◆ STUDY MATERIAL ◆
⁂
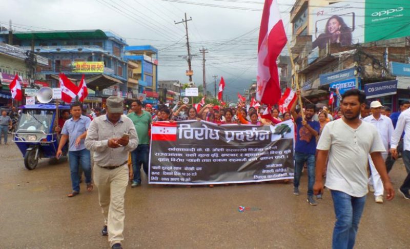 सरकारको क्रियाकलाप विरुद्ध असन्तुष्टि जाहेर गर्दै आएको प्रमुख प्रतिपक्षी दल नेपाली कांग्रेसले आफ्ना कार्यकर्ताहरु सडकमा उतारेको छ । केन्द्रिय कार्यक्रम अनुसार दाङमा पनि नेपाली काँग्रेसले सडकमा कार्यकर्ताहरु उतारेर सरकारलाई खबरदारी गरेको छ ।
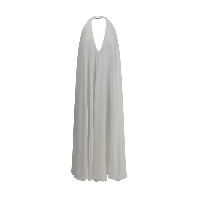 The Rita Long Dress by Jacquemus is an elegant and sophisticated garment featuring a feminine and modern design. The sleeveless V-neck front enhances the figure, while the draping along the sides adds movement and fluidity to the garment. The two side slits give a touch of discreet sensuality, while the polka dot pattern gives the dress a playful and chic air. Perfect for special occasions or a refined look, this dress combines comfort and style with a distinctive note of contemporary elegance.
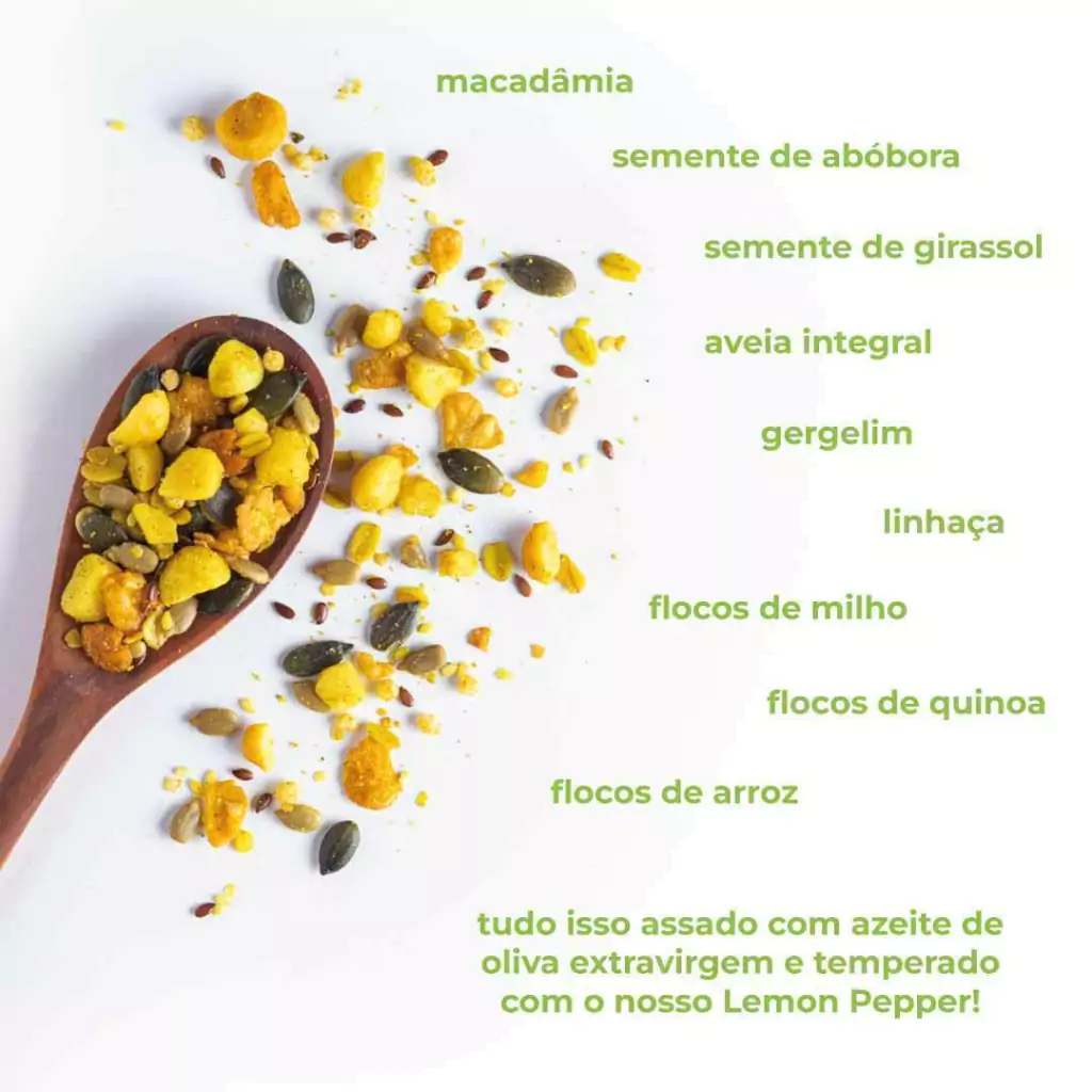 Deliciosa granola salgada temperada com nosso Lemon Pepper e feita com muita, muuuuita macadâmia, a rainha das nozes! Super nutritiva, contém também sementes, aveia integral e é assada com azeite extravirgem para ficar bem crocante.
⁂
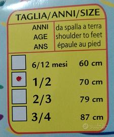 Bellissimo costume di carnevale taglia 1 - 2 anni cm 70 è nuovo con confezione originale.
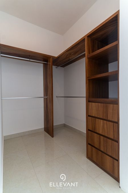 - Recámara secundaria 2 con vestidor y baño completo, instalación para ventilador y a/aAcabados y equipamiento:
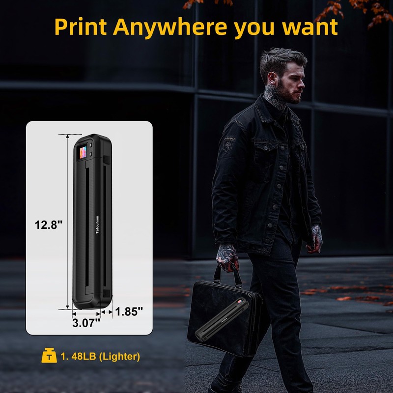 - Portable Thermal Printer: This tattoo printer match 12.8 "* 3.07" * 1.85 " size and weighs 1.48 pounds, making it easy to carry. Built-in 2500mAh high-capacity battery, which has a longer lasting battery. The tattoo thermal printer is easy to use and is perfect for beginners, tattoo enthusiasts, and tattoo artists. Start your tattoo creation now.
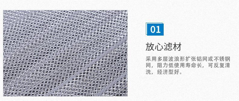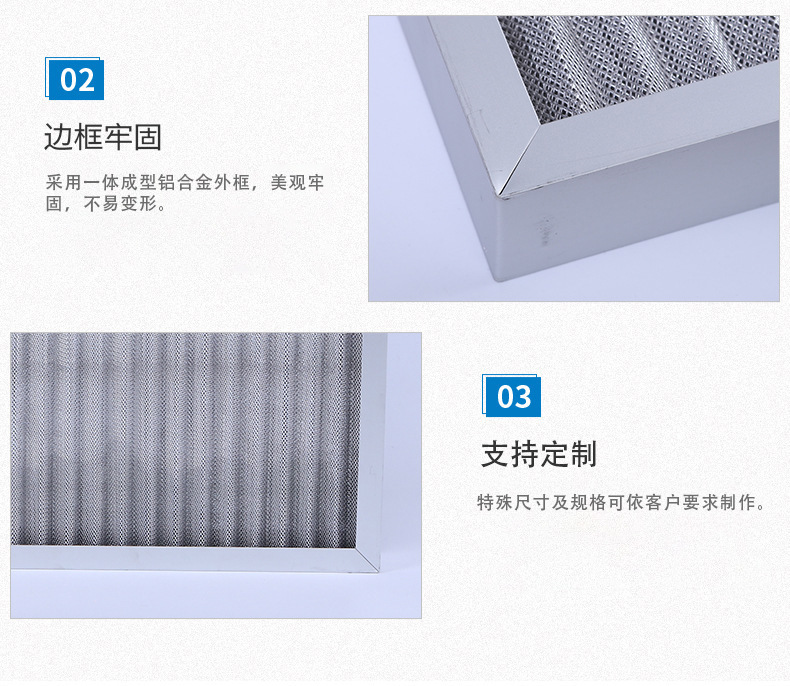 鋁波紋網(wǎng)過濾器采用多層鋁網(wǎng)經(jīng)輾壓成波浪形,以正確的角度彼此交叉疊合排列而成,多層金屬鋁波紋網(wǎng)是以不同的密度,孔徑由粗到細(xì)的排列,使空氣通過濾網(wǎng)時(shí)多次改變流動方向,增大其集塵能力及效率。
⁂
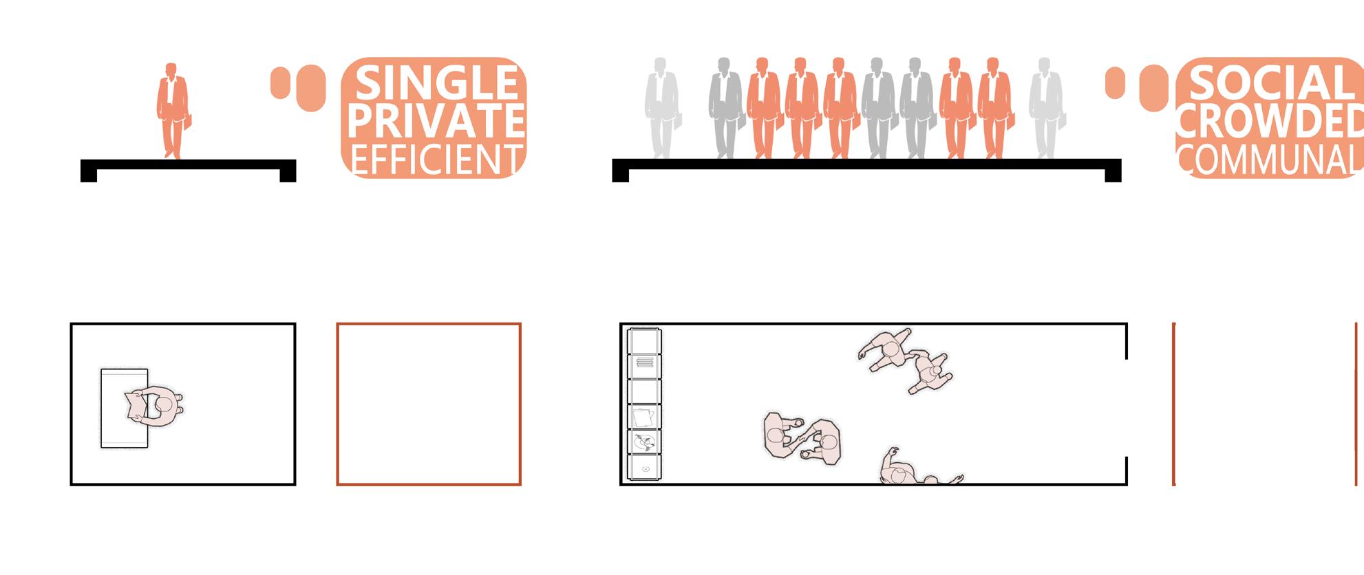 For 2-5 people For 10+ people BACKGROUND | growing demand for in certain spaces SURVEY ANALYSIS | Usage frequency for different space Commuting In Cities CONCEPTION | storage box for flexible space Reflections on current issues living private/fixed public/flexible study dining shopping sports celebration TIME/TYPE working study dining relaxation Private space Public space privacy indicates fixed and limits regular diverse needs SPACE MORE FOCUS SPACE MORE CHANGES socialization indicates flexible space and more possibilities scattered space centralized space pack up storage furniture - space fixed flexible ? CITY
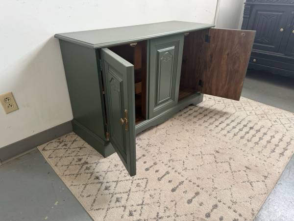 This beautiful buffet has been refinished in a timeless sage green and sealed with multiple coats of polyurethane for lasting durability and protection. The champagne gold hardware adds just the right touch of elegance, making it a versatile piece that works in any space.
⁂
◆ TASK DESCRIPTION ◆
Print the part of the listing above that opens with the line containing "Bellissimo costume di" and closes with the line containing "鋁波紋網(wǎng)過濾器采". Copy it exactly, both ends included, and omit the pictures.

◆ OUTPUT FOR THIS TASK ◆
 Bellissimo costume di carnevale taglia 1 - 2 anni cm 70 è nuovo con confezione originale.
 - Recámara secundaria 2 con vestidor y baño completo, instalación para ventilador y a/aAcabados y equipamiento:
 - Portable Thermal Printer: This tattoo printer match 12.8 "* 3.07" * 1.85 " size and weighs 1.48 pounds, making it easy to carry. Built-in 2500mAh high-capacity battery, which has a longer lasting battery. The tattoo thermal printer is easy to use and is perfect for beginners, tattoo enthusiasts, and tattoo artists. Start your tattoo creation now.
 鋁波紋網(wǎng)過濾器采用多層鋁網(wǎng)經(jīng)輾壓成波浪形,以正確的角度彼此交叉疊合排列而成,多層金屬鋁波紋網(wǎng)是以不同的密度,孔徑由粗到細(xì)的排列,使空氣通過濾網(wǎng)時(shí)多次改變流動方向,增大其集塵能力及效率。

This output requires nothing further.